Tuesday, September 16, 2014

My Black Hole - Part 3

If you missed Part 1 or Part 2 those links will take you there.

I am neck deep in living Part 3! I have a new hairstyle, a new wardrobe style (I call it quirky casual to make it seem creative when I just want to wear something I love regardless of how well it "goes" with whatever else I've got on and a joy-filled outlook.
My necklace was a gift from my Love for losing 75lbs. Blue Piranha is full of gorgeous wearable art!

The challenges are daily, the victories are frequent, the defeats don't feel eternal, the joy inside is my constant companion, finally.

I see beauty everywhere. I was at a women's retreat this weekend - the first one in a long time. The setting was beautiful, but the women - spectacular!

For once I wasn't focused on how I measure myself against or alongside them. I was content to be me and enjoy them. No comparisons, no wondering what it would be like to have that body, that face, that money, that _____. I used to get stuck in weighing myself against the competition - was I really the fattest woman in the room or could I find someone heavier than me? This time it didn't even cross my mind. Not once.
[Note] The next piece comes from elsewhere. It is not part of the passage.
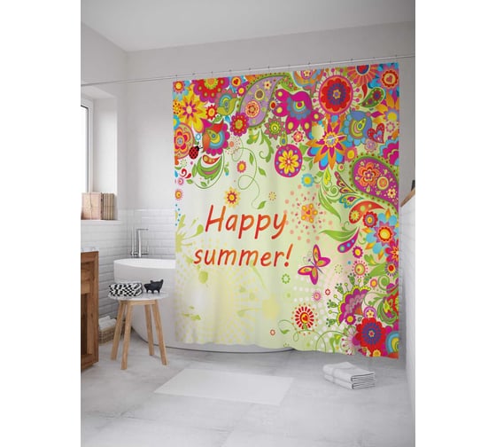 Штора (занавеска) для ванной JoyArty "Счастливое лето в цветах" из сатена, 180х200 см с крючками, sc_29166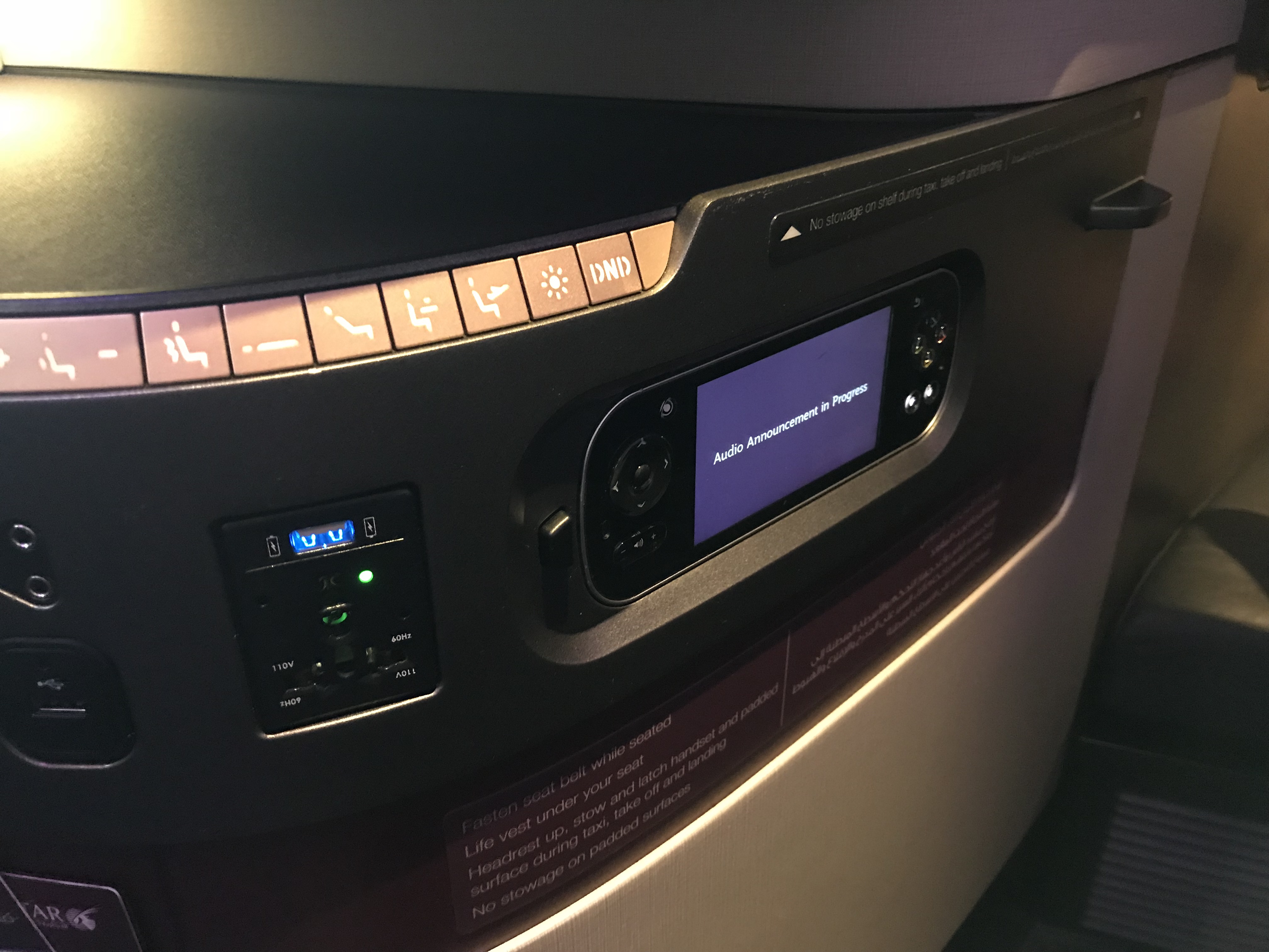 Gegenüber des Ottomanen befindet sich eine großzügige Ablagefläche, auf der bereits Decken, Kissen und Amenity Kit bereit standen. Darunter ist noch einmal ein kleines Staufach, wo man z.B. Pass oder elektronische Geräte ablegen kann. Unter der Ablagefläche ist die Leiste, an der man den Stuhl verstellen kann und auch die USB-Anschlüsse und Steckdosen sind hier gut sichtbar angebracht.

That alone is a giant victory from where I once lived. But to learn from a great speaker, enjoy the presence of beloved friends, and soak up the beauty of nature without once focusing on my lack of anything compared to anyone - that is a REAL MIRACLE!

I didn't even realize it until I started writing how amazing that was. Wow!
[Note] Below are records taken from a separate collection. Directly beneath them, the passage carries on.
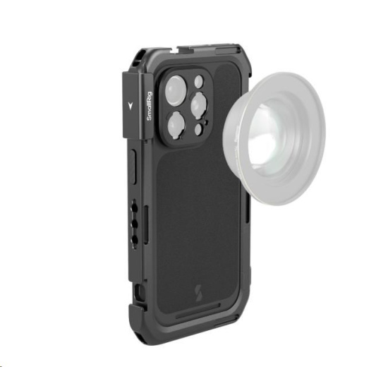 A dedicated mobile video cage for iPhone 16 Pro enables usage with protective phone cases for wide expansion options and all-around phone protection.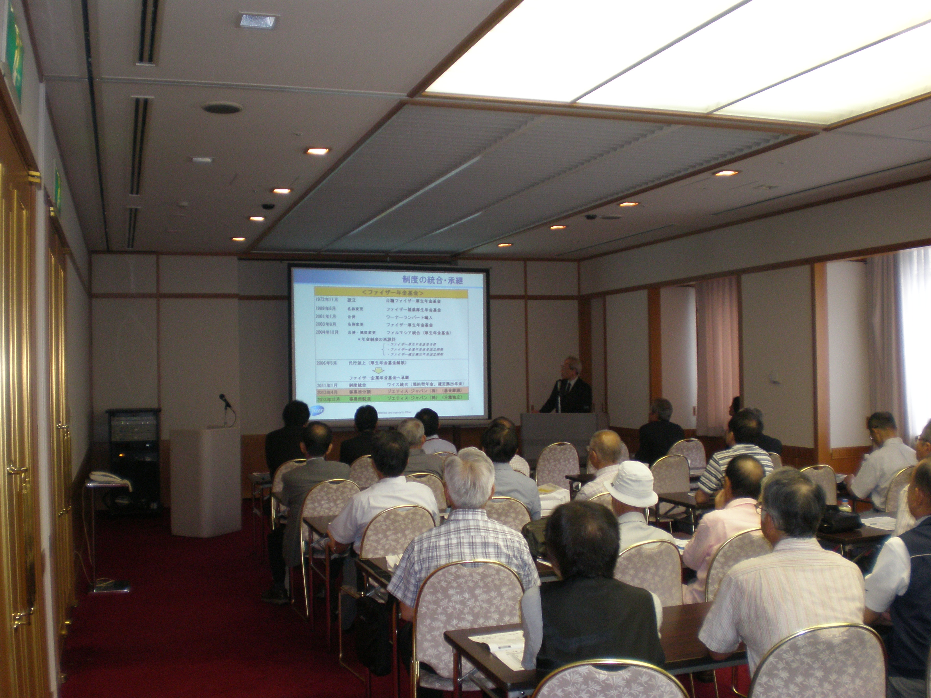 最後はやはり、我々の関心事の企業年金の現状が熊倉理事から。現状は非常に良好な状態である旨の説明を聴き、参加者一同ほっとしました。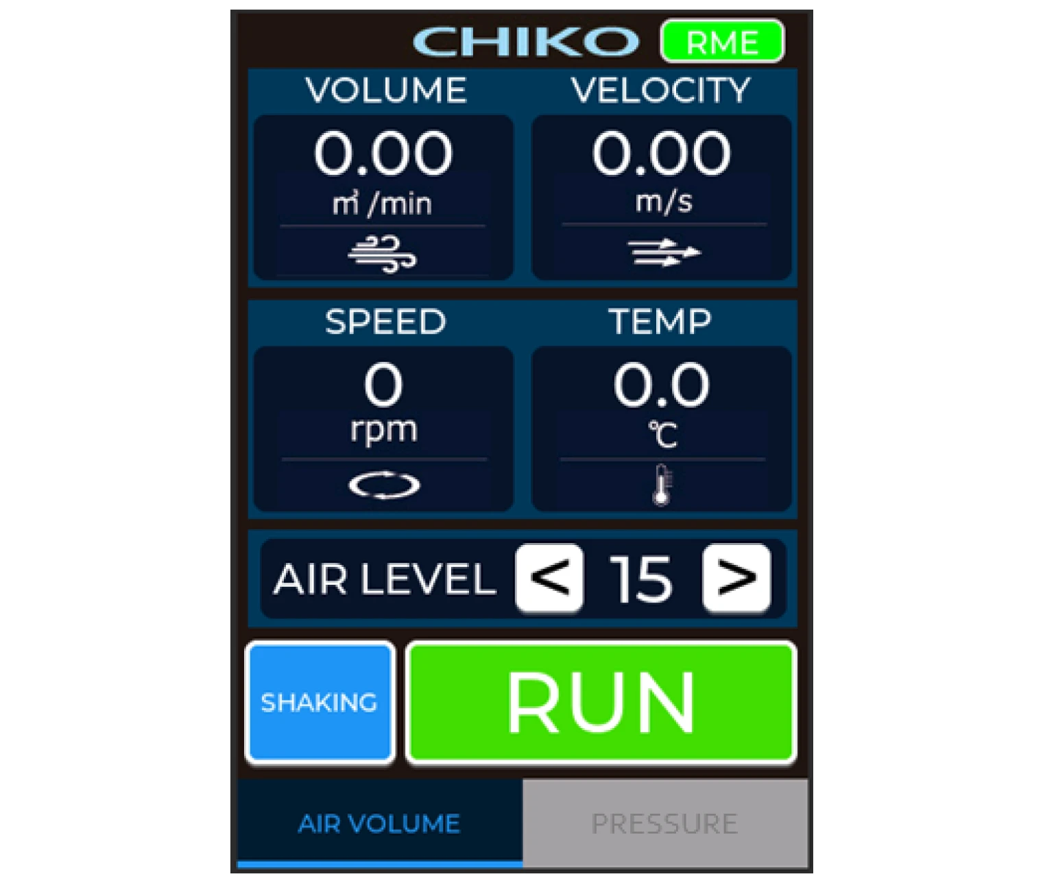 タッチパネルでON/OFF、能力変更など基本機能に加え、風速・風量を一目で監視、見えない風速・風量を数値で表示

On to the daily stuff - the daily lists, Mt. Laundry, stinky crock pots from the night before, and the watch I dropped behind the bed that I only remember is there when the alarm goes off...

Life is still very daily.

I get up, wander out to let the dog outside, type blogs from my bed, roll my eyes at my "bed head", get boys up and ready for school, get ready for work, run errands, clean things, wash things, decide if Mt. Laundry can wait another day or if a load or two would be helpful...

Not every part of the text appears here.